Exercise instructions
What is needed is an exact copy of the listing, with no pictures in it.

Collected data
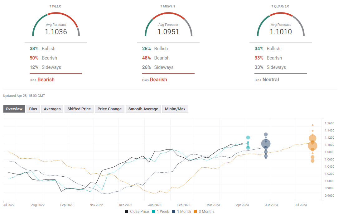 According to the FXStreet Forecast Poll, the sentiment for EUR/USD suggests that the pair will continue to consolidate over the next week, hovering around 1.1000/50. Looking at the quarterly perspective, analysts on average see the EUR/USD pair at 1.1010. Of those polled, 33% expect to see the price below current levels in three months, while 34% anticipate it to be above.
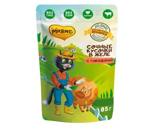 Мнямс сочные кусочки для кошек в желе с говядиной Фермерская ярмарка линия Кот Федор 85 г, 170470
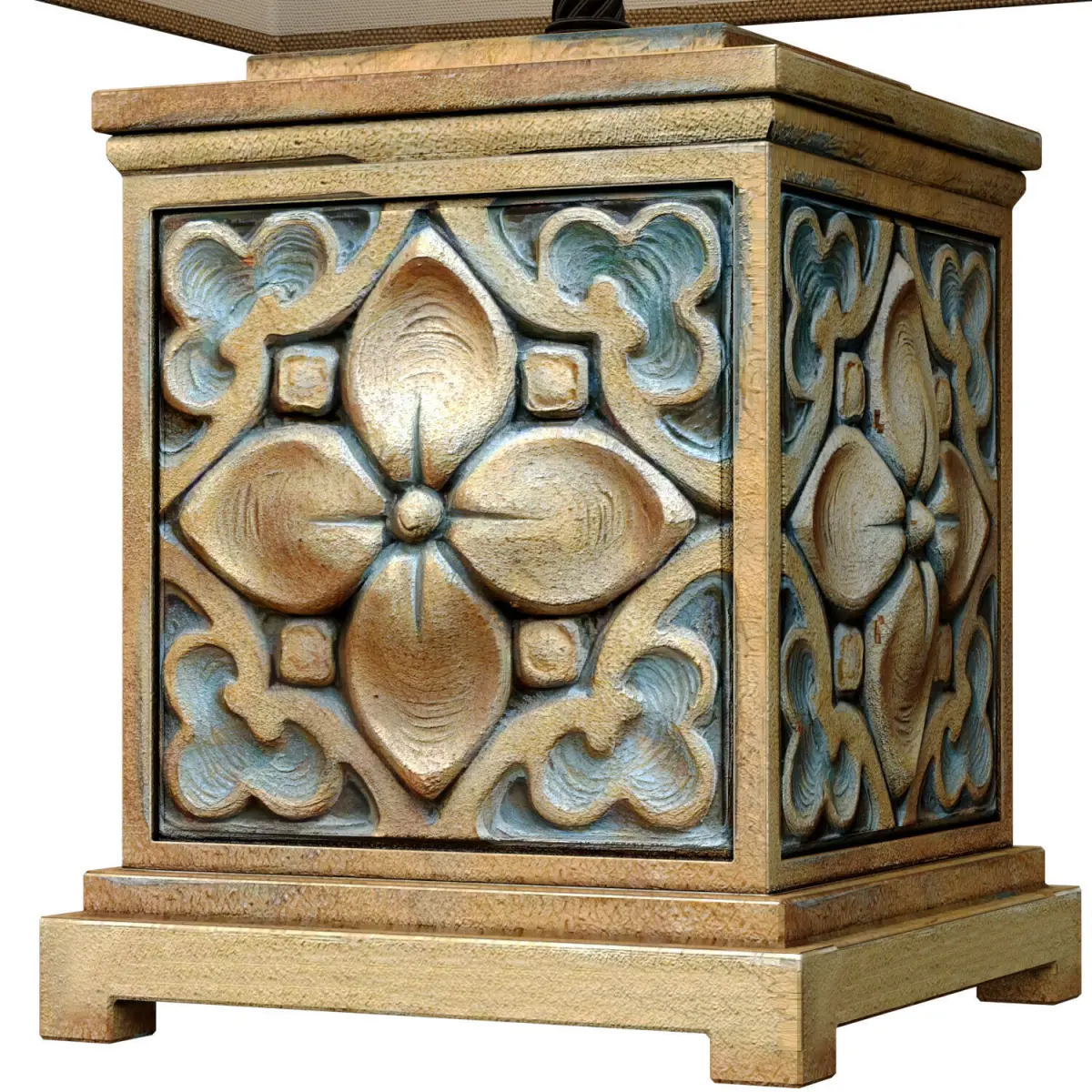 Charming bedside lamp with a textured base made of aged, patinated light wood and a fabric shade for decorating the living room, office, study, bedroom, bedside table in oriental style,Arabic Ceramic Table Lamp Oriental wood,Morocco Table Lamp,Islamic Pattern,Eastern Table Lamp,Majlis Table Lamp,Arabic Style Lamp for Home Decoration, Bedroom Lighting,Oriental pattern,

Response
 According to the FXStreet Forecast Poll, the sentiment for EUR/USD suggests that the pair will continue to consolidate over the next week, hovering around 1.1000/50. Looking at the quarterly perspective, analysts on average see the EUR/USD pair at 1.1010. Of those polled, 33% expect to see the price below current levels in three months, while 34% anticipate it to be above.
 Мнямс сочные кусочки для кошек в желе с говядиной Фермерская ярмарка линия Кот Федор 85 г, 170470
 Charming bedside lamp with a textured base made of aged, patinated light wood and a fabric shade for decorating the living room, office, study, bedroom, bedside table in oriental style,Arabic Ceramic Table Lamp Oriental wood,Morocco Table Lamp,Islamic Pattern,Eastern Table Lamp,Majlis Table Lamp,Arabic Style Lamp for Home Decoration, Bedroom Lighting,Oriental pattern,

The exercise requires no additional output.